Ubuntu 16.04 and – I assume – other recent operating systems are still using single-thread version of file & data compression utilities such as bzip2 or gzip by default, but I’ve recently learned that compatible multi-threaded compression tools such as lbzip2, pigz or pixz have been around for a while, and you can replace the default tools by them for much faster compression and decompression on multi-core systems. This post led to further discussion about Facebook’s Zstandard 1.0 promising both smaller and faster data compression speed. The implementation is open source, released under a BSD license, and offers both zstd single threaded tool, and pzstd multi-threaded tool. So we all started to do own little tests and were impressed by the results. Some concerns were raised about patents, and development is still work-in-progess with a few bugs here and there including pzstd segfaulting on ARM.

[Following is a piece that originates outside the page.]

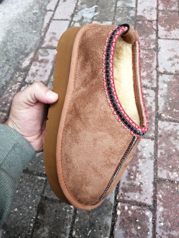 Kahverengi süet kadın terliği, dolgu topuklu, kürk detaylı ve nakış işlemeli. Bohem tarzda, günlük kullanım için rahat bir model.
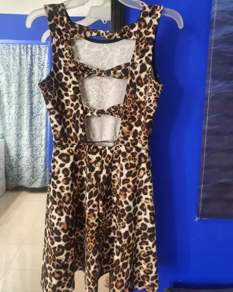 Vestido corto animal print con falda volada, detalles en la espalda , muy favorecedor

Zlib has 9 levels of compression, while Zstd has 19, so Facebook has tested all compression levels and their speed, and drawn the chart above comparing compression speed to compression ratio for all test points, and Zstd is clearly superior to zlib here.
They’ve also compared compression and decompression performance and aspect ratio for various other competing fast algorithms using lzbench to perform this from memory to prevent I/O bottleneck from storage devices.
|zstd 1.0.0 -1||2.877||330||940|
|zlib 1.2.8 -1||2.730||95||360|
|brotli 0.4 -0||2.708||320||375|
Again everything is a comprise, but Zstd is faster than algorithms with similar compression ratio, and has a higher compression ratio than faster algorithm.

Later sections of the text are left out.